U.S. COURT OF APPEALS

FOR THE NINTH CIRCUIT TONEY A. WHITE, No. 24-6836

D.C. No.

Plaintiff - Appellee, 2:21-cv-01259-RFB-MDC v. MEMORANDUM* ROBIN HAGER,

Defendant - Appellant, and JEREMY BEAN, GREGORY BRYAN, RYAN CLAY, RASHEED CURRY, CHARLES DANIELS, BOB FAULKNER, WILLIAM GITTERE, Warden, CALVIN JOHNSON, RIO MANALANG, MICHAEL MINEV, ROBERT OWENS, MANUEL PORTILLO, MONIQUE HUBBARD-PICKETT, JENNIFER NASH, JACQUES GRAHAM, THERESA WICKHAM, BRIAN WILLIAMS, Warden, G. CARPENTER, RADEK DVORAK, LARRY DEAN WILLIAMSON, ERIC LOPEZ, HOLLY CROSBY, LARRY HALL, RHYS LIM, TED HANF, SCOTT MATTINSON, SIA ASIMIDAKIS, NAPHCARE, INC.,

*

This disposition is not appropriate for publication and is not precedent except as provided by Ninth Circuit Rule 36-3.

Defendants.

Appeal from the United States District Court

for the District of Nevada

Richard F. Boulware, II, District Judge, Presiding

Submitted December 4, 2025**

San Francisco, California Before: RAWLINSON, MILLER, and SANCHEZ, Circuit Judges.

Appellee Toney White brought an Eighth Amendment claim against Nevada Department of Corrections (“NDOC”) officials including Medical Administrator, Robin Hager, under 42 U.S.C. § 1983. Hager now appeals the district court’s denial of her motion to dismiss on qualified immunity grounds. Her notice of appeal was filed 31 days after entry of the district court’s order. Because the 30- day appeal deadline in 28 U.S.C. § 2107(a) applies, this court lacks jurisdiction to hear Hager’s untimely interlocutory appeal.

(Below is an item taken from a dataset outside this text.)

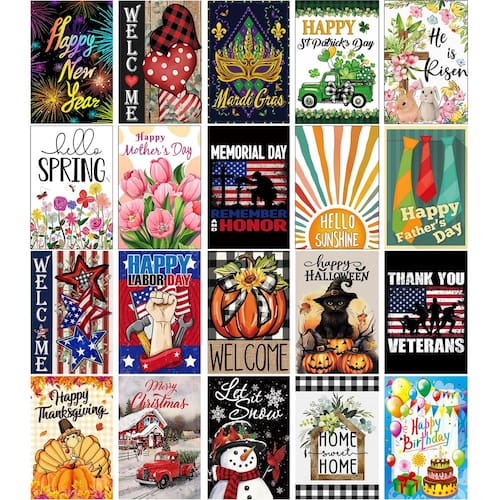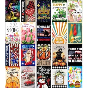 Por que escolher nosso conjunto de bandeiras de jardim de 20 peças? Decoração o ano todo: Perfeito para todas as estações e feriados. Qualidade premium: durável, resistente ao clima e resistente ao desbotamento. Design frente e verso: ambos os lados são legíveis e vibrantes. Fácil de instalar: Serve para todos os suportes de mastro de bandeira de jardim padrão. Designs atraentes: ilumine seu espaço ao ar livre com estampas alegres. Melhore seu jardim com nosso conjunto de bandeiras de jardim de 20 peças e desfrute de um espaço ao ar livre lindamente decorado durante todo o ano! - 1. ?Coleção abrangente de bandeiras de jardim?: Nosso conjunto de bandeiras de jardim inclui todos os principais temas: primavera, verão, outono, inverno, feliz ano novo, feliz dia dos namorados, carnaval, dia de São Patrício, Páscoa, feliz dia das mães, dia da memória, feliz dia dos pais, 4 de julho, feliz dia do trabalho, Halloween, obrigado veteranos, ação de graças, lar doce lar, aniversário, bandeira de jardim de Natal. Com 20 designs exclusivos, este conjunto atende a uma ampla variedade de ocasiões e estações, garantindo que você esteja sempre preparado. - 2. ?Design frente e verso com qualidade superior?: Estas bandeiras vibrantes, coloridas e encantadoras apresentam um design frente e verso com 3 camadas de tecido. Ambos os lados são legíveis e o tecido prateado médio evita transparência. Feitas de materiais de qualidade premium, estas bandeiras são duráveis, resistentes ao clima, resistentes ao desbotamento e feitas para durar. - 3. ?Instalação sem esforço?: Cada bandeira de quintal mede 30 x 45 cm com uma abertura de 5 cm, encaixando-se perfeitamente em todos os suportes de mastro de bandeira de jardim padrão (suporte não incluído). A instalação é fácil, permitindo que você aproveite suas lindas bandeiras em pouco tempo. - 4. ?Versátil e atraente?: Melhore o exterior da sua casa com estas deslumbrantes bandeiras de jardim ao ar livre. Comemore com sua família e amigos e chame a atenção no seu bairro. Estas bandeiras são perfeitas para decorar seu quintal, gramado ou jardim. - 5. ?Impressão premium vívida?: Uma das características de destaque de nossas bandeiras sazonais ao ar livre é a impressão brilhante e alegre. Cada design é feito para iluminar seu espaço ao ar livre, trazendo um toque personalizado ao seu jardim com essas bandeiras sazonais de design exclusivo.

1. Hager argues that her appeal was timely because the “separate document rule” under Federal Rule of Civil Procedure 58(a) afforded her 180 days to appeal. We disagree. When a separate document is required for entry of a district court judgment but no separate document is filed, judgment is considered “entered” after

**

The panel unanimously concludes this case is suitable for decision without oral argument. See Fed. R. App. P. 34(a)(2).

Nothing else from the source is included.